The input
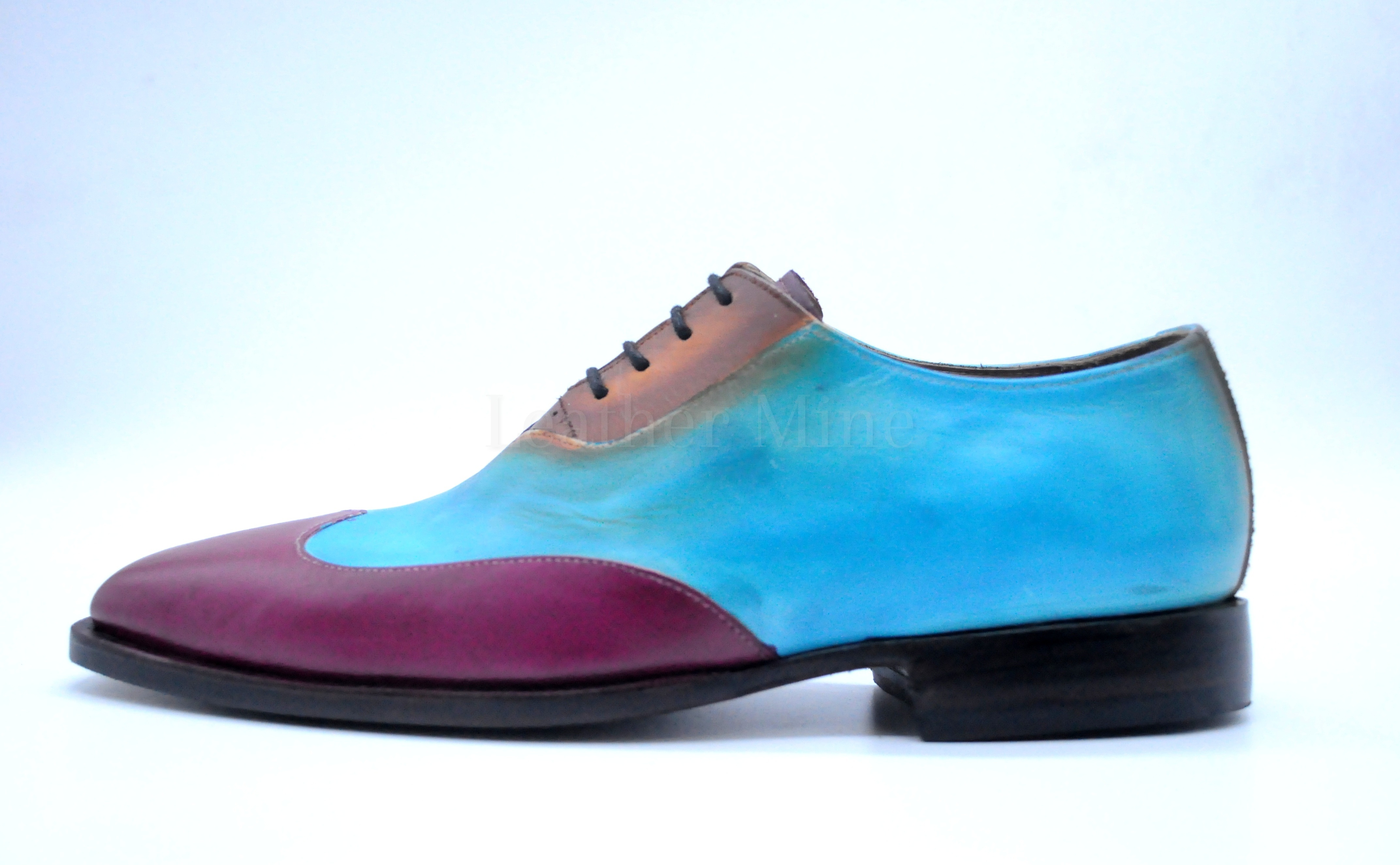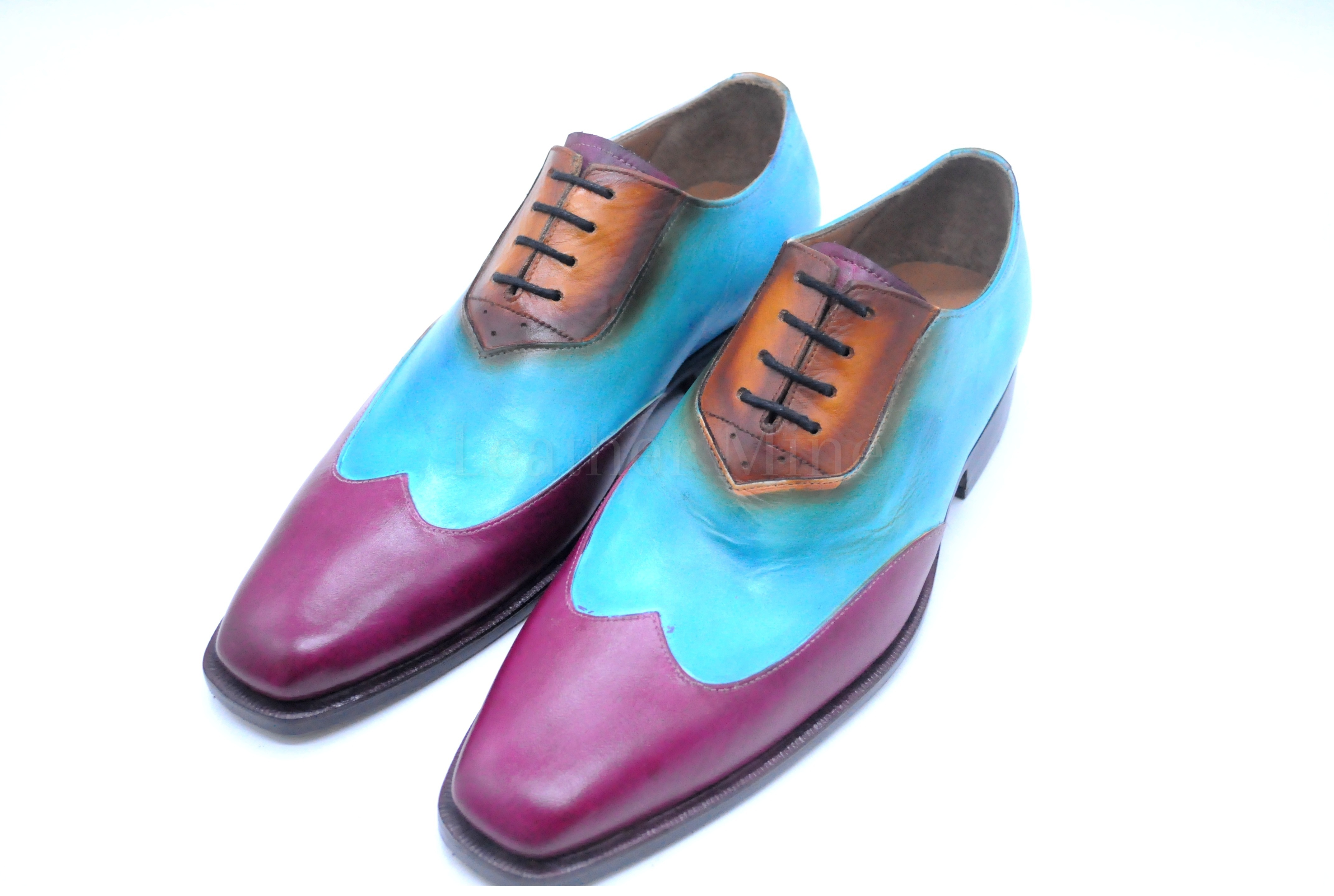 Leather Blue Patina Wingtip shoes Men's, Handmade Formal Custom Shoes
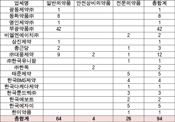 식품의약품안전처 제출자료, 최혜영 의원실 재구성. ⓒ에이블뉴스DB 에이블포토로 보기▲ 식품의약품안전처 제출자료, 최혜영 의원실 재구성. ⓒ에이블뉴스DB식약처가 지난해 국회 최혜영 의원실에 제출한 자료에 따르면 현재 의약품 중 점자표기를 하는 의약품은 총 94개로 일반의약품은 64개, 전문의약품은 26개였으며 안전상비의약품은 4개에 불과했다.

==

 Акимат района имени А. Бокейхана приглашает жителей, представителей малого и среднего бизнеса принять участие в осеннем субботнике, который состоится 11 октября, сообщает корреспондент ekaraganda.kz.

Problem
Looking at the listing above, which lines run from the one containing "Leather Blue Patina" through the one containing "식품의약품안전처 제출자료, 최혜영 의원실 재구성. ⓒ에이블뉴스DB 에이블포토로"? Print exactly those, ends included, pictures excluded.

Output of the exercise
 Leather Blue Patina Wingtip shoes Men's, Handmade Formal Custom Shoes
 식품의약품안전처 제출자료, 최혜영 의원실 재구성. ⓒ에이블뉴스DB 에이블포토로 보기▲ 식품의약품안전처 제출자료, 최혜영 의원실 재구성. ⓒ에이블뉴스DB식약처가 지난해 국회 최혜영 의원실에 제출한 자료에 따르면 현재 의약품 중 점자표기를 하는 의약품은 총 94개로 일반의약품은 64개, 전문의약품은 26개였으며 안전상비의약품은 4개에 불과했다.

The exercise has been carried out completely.